🤖 AI Summary
Prior work treats chain-of-thought (CoT) reasoning as merely augmenting computational steps; its impact on the representational capacity of neural language models remains theoretically uncharacterized.
Method: We formalize CoT reasoning within a probabilistic modeling framework, analyzing recurrent neural networks and Transformers augmented with CoT under probabilistic Turing machine semantics.

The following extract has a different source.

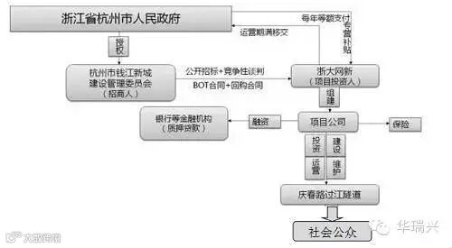 市政道路中的过江隧道采用BOT补贴模式进行建设的具体例子是杭州市庆春路过江隧道。该隧道建成后将穿过钱塘江连接杭州未来的行政中心——钱江新城和对岸的萧山区钱江世纪城,工程概算投资为20.96亿元,BOT合同约定庆春路过江隧道的建设期是3年,运营期是20年。具体的建设模式如下:

Contribution/Results: We prove that CoT-augmented models can exactly represent the string distribution generated by any probabilistic Turing machine—establishing probabilistic Turing completeness. This refutes the categorical error of equating language models with deterministic Turing machines and reveals CoT’s core function: expanding expressivity over complex stochastic languages. By integrating probabilistic language modeling, formal language theory, and computability analysis, our work provides the first rigorous theoretical characterization of CoT’s representational power and fundamental capability boundaries.
📝 Abstract
The performance of modern language models (LMs) has been improved by chain-of-thought (CoT) reasoning, i.e., the process of generating intermediate results that guide the model towards a final answer. A possible explanation for this improvement is that CoT reasoning extends an LM's computational power, as RNNs and transformers with additional scratch space are known to be Turing complete. Comparing LMs to Turing machines, however, introduces a category error - Turing machines decide language membership, whereas LMs define distributions over strings. To bridge this gap, we formalize CoT reasoning in a probabilistic setting. We present several results on the representational capacity of recurrent and transformer LMs with CoT reasoning, showing that they can represent the same family of distributions over strings as probabilistic Turing machines.